In vertebrates, phylogenetically related mtDNA genotypes often constitute geographic assemblages separated by major genetic (and often geographic) breaks due to limited dispersal and high levels of philopatry in relatively discontinuous environments (Avise et al. 1987). More than a decade ago, Quinn & White (1987) proposed that if in birds, as in other vertebrates, one could detect assemblages of closely related mtDNA genotypes, then those assemblages could be genetically characterized and subsequently used to identify the geographic origin of any captured birds. According to our preliminary data, Black-footed albatrosses cluster according to their geographical region and the two main breeding groups seem to have been at least historically isolated. Such lack of gene flow, in part probably due to the high levels of colony fidelity (Warham 1990), permits the development of population-specific genetic markers which allows the assignment of captured birds to specific geographic regions.

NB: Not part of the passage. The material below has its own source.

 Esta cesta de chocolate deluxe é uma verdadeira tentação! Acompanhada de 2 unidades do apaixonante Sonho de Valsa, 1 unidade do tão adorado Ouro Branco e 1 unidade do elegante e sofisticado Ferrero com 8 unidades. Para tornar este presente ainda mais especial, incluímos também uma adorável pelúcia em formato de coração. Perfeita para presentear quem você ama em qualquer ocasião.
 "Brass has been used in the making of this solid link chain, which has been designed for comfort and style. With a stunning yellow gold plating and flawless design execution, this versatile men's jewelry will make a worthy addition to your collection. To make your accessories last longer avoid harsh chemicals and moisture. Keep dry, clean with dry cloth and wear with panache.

The Hawaiian Islands hold about 20 times more breeding birds than the Japanese islands (Cousins and Cooper 1999) which is a likely explanation for such a difference of genetic diversity within each group. Also, a bottleneck can results in a decrease of genetic variability and population heterozygosity (Menotti-Raymond & O’ Brien 1993), with the resulting decreases related to the bottleneck's severity and duration (Nei, 1987). Black-footed albatross populations from both geographic groups suffered throughout their history periodical events of human exploitation (for feathers, oil and meat) and environmental-caused viability threats. Namely, numbers of Japanese (especially in Torishima) albatrosses declined and remained in extremely low numbers until the end of 1950’s (Hasegawa unpubl. in Cousins and Cooper 1999). It is therefore not surprising that Torishima birds display lower levels of genetic diversity.

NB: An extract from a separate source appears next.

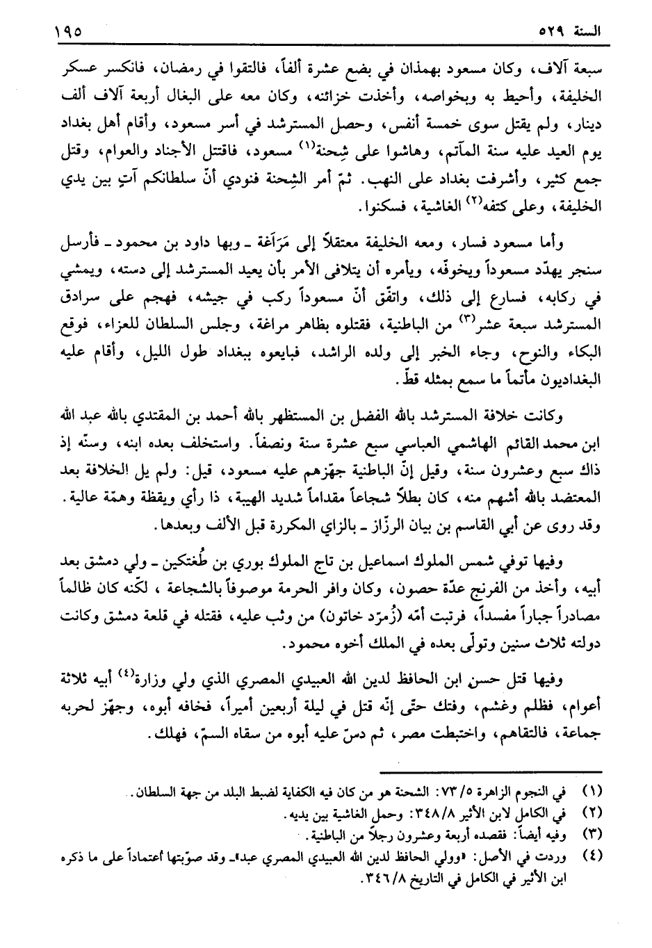 وأما مسعود فسار، ومعه الخليفة معتقلاً إلى مراغة - وبها داود بن محمود - فأرسل سنجر يهدد مسعوداً ويخوفه، ويأمره أن يتلافى الأمر بأن يعيد المسترشد إلى دسته، ويمشي في ركابه، فسارع إلى ذلك، واتفق أن مسعوداً ركب في جيشه، فهجم على سرادق المسترشد سبعة عشر من ألفاطنية، فقتلوه بظاهر مراغة، وجلس السلطان للعزاء، فوقع البكاء والنوح، وجاء الخبر إلى ولده إلىاشد، فبايعوه ببغداد طول الليل، وأقام عليه البغداديون مأتماً ما سمع بمثله قط. وكانت خلافة المسترشد بالله الفضل بن المستظهر بالله أحمد بن المقتدي بالله عبد الله ابن محمد ألفائم آلهاشمي العباسي سبع عشرة سنة ونصفاً. واستخلف بعده ابنه، وسنه إذ ذاك سبع وعشرون سنة، وقيل إن ألفاطنية جهزهم عليه مسعود، قيل: ولم يل الخلافة بعد المعتضد بالله أشهم منه، كان بطلاً شجاعاً مقداماً شديد آلهيبة، ذا رأي ويقظة وهمة عالية. وقد روى عن أبي القاسم بن بيان إلىزاز - بالزاي المكررة قبل الألف وبعدها. وفيها توفي شمس الملوك اسماعيل بن تاج الملوك بوري بن طغتكين - ولي دمشق بعد أبيه، وأخذ من الفرنج عدة حصون، وكان وافي الحرمة موصوفاً بالشجاعة، لكنه كان ظألفا مصادراً جباراً مفسداً، فيتبت أمه زمند خاتون من وثب عليه، فقتله في قلعة دمشق وكانت دولته ثلاث سنين وتولى بعده في الملك أخوه محمود. وفيها قتل حسن ابن الحافظ لدين الله العبيدي المصري الذي ولي وزارة أبيه ثلاثة أعوام، فظلم وغشم، وفتك حتى إنه قتل في ليلة أربعين أميراً، فخافه أبوه، وجهز لحربه جماعة، فالتقاهم، واختبطت مصر، ثم دس عليه أبوه من سقاه السم، فهلك.

In the future it will be important to sample not only more birds from these populations but more importantly other populations. With a thorough sampling protocol that would include the complete breeding range of this species, we should be able to describe more completely the genetic diversity within and among colonies of this species. Analyzing more mtDNA sequence and nuclear loci will help identify population-specific markers, but the frequency of these markers and the extent to which they aid in identifying source populations of bycatch albatrosses will ultimately depend on the extent of gene flow among colonies and regions. Sequence variation in the control region of mtDNA holds valuable information for the study of genetic population structure and migration of seabird species like the Black-footed albatross and therefore provides useful information for demographic models for seabird species.